Nearly all woody species respond to increases in the air's CO2 content by displaying enhanced rates of photosynthesis and biomass production. In this summary, we review some recently published responses of beech (genus Fagus) trees to atmospheric CO2 enrichment.
Egli and Korner (1997) rooted eight beech saplings directly into calcareous or acidic soils in open-top chambers and exposed them to atmospheric CO2 concentrations of either 370 or 570 ppm. Over the first year of their study, the saplings growing on calcareous soil in CO2-enriched air exhibited a 9% increase in stem diameter; and they speculated that this initial small difference may ultimately "cumulate to higher 'final' tree biomass through compounding interest."
And they were right!

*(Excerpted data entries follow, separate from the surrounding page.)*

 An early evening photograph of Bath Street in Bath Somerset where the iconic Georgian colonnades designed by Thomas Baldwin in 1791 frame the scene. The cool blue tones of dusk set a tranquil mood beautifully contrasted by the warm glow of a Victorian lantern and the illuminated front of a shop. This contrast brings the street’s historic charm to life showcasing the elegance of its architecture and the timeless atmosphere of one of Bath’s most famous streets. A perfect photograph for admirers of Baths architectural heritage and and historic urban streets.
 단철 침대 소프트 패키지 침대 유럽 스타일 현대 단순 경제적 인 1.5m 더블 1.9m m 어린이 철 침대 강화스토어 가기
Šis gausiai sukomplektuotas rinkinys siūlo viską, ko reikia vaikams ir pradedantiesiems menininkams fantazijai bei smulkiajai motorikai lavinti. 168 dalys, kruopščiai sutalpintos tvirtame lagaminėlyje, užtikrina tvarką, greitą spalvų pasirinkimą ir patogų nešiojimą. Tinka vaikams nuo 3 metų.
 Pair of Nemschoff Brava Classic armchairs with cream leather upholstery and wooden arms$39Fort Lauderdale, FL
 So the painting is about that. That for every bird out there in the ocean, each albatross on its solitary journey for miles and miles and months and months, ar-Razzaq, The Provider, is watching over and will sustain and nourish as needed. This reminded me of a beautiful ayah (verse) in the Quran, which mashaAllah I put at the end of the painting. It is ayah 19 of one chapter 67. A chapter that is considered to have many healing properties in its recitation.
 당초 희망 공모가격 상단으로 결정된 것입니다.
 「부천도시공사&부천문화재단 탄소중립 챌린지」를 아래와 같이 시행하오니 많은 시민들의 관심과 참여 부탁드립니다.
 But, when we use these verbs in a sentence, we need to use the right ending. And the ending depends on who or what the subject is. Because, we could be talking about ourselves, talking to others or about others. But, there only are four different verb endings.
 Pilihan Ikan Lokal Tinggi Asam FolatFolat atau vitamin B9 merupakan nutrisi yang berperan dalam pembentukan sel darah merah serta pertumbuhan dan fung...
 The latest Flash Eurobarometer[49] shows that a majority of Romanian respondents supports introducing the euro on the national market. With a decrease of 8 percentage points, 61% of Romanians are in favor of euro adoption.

At the end of three years of differential CO2 exposure, the trees in the CO2-enriched chambers were experiencing net ecosystem carbon exchange rates that were 58% greater than the rates of the trees in the ambient CO2 chambers, regardless of soil type; while the stem dry mass of the CO2-enriched trees was increased by about 13% over that observed in the ambient-air chambers (Maurer et al., 1999).

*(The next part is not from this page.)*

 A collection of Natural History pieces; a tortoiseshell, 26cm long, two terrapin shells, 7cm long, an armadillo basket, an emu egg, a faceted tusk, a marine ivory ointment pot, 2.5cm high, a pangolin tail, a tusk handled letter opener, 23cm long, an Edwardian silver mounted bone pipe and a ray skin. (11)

In a similar but much shorter experiment, Dyckmans et al. (2000) grew three-year-old seedlings of beech for six weeks in controlled environment chambers maintained at atmospheric CO2 concentrations of 350 and 700 ppm, finding that the doubling of the air's CO2 content increased seedling carbon uptake by 63%. They also noted that the majority of the assimilated carbon was allocated to the early development of leaves, which would clearly be expected to subsequently lead to greater absolute amounts of photosynthetic carbon fixation.
In the two-year study of Grams et al. (1999), beech seedlings grown at ambient CO2 concentrations displayed large reductions in photosynthetic rates when simultaneously exposed to twice-ambient levels of ozone. However, at twice-ambient CO2 concentrations, twice-ambient ozone concentrations had no negative effects on the trees' photosynthetic rates. Thus, atmospheric CO2 enrichment completely ameliorated the negative effects of ozone on photosynthesis in this species.
Similarly, Polle et al. (1997) reported that beech seedlings grown at 700 ppm CO2 for two years displayed significantly reduced activities of catalase and superoxide dismutase, which are antioxidative enzymes responsible for detoxifying highly reactive oxygenated compounds within cells. Their data imply that CO2-enriched atmospheres are conducive to less oxidative stress and, therefore, less production of harmful oxygenated compounds than typically occurs in ambient air. Consequently, the seedlings growing in the CO2-enriched air were likely able to remobilize a portion of some of their valuable raw materials away from the production of detoxifying enzymes and reinvest them into other processes required for facilitating optimal plant development and growth.
With respect to this concept of resource optimization, Duquesnay et al. (1998) studied the relative amounts of 12C and 13C in tree rings of beech growing for the past century in northeastern France and determined that the intrinsic water-use efficiency of the trees had increased by approximately 33% over that time period, no doubt in response to the concomitant rise in the air's CO2 concentration over the last 100 years.
In conclusion, as the CO2 content of the air increases, beech trees will likely display enhanced rates of photosynthesis and decreased damage resulting from oxidative stress. Together, these phenomena should allow greater optimization of raw materials within beech, allowing them to produce greater amounts of biomass ever more efficiently as the atmospheric CO2 concentration increases.
References
Duquesnay, A., Breda, N., Stievenard, M. and Dupouey, J.L. 1998. Changes of tree-ring δ13C and water-use efficiency of beech (Fagus sylvatica L.) in north-eastern France during the past century. Plant, Cell and Environment 21: 565-572.
Dyckmans, J., Flessa, H., Polle, A. and Beese, F. 2000. The effect of elevated [CO2] on uptake and allocation of 13C and 15N in beech (Fagus sylvatica L.) during leafing. Plant Biology 2: 113-120.
Egli, P. and Korner, C. 1997. Growth responses to elevated CO2 and soil quality in beech-spruce model ecosystems. Acta Oecologica 18: 343-349.
Grams, T.E.E, Anegg, S., Haberle, K.-H., Langebartels, C. and Matyssek, R. 1999. Interactions of chronic exposure to elevated CO2 and O3 levels in the photosynthetic light and dark reactions of European beech (Fagus sylvatica). New Phytologist 144: 95-107.
Maurer, S., Egli, P., Spinnler, D. and Korner, C. 1999. Carbon and water fluxes in beech-spruce model ecosystems in response to long-term exposure to atmospheric CO2 enrichment and increased nitrogen deposition. Functional Ecology 13: 748-755.
Polle, A., Eiblmeier, M., Sheppard, L. and Murray, M. 1997. Responses of antioxidative enzymes to elevated CO2 in leaves of beech (Fagus sylvatica L.) seedlings grown under range of nutrient regimes. Plant, Cell and Environment 20: 1317-1321.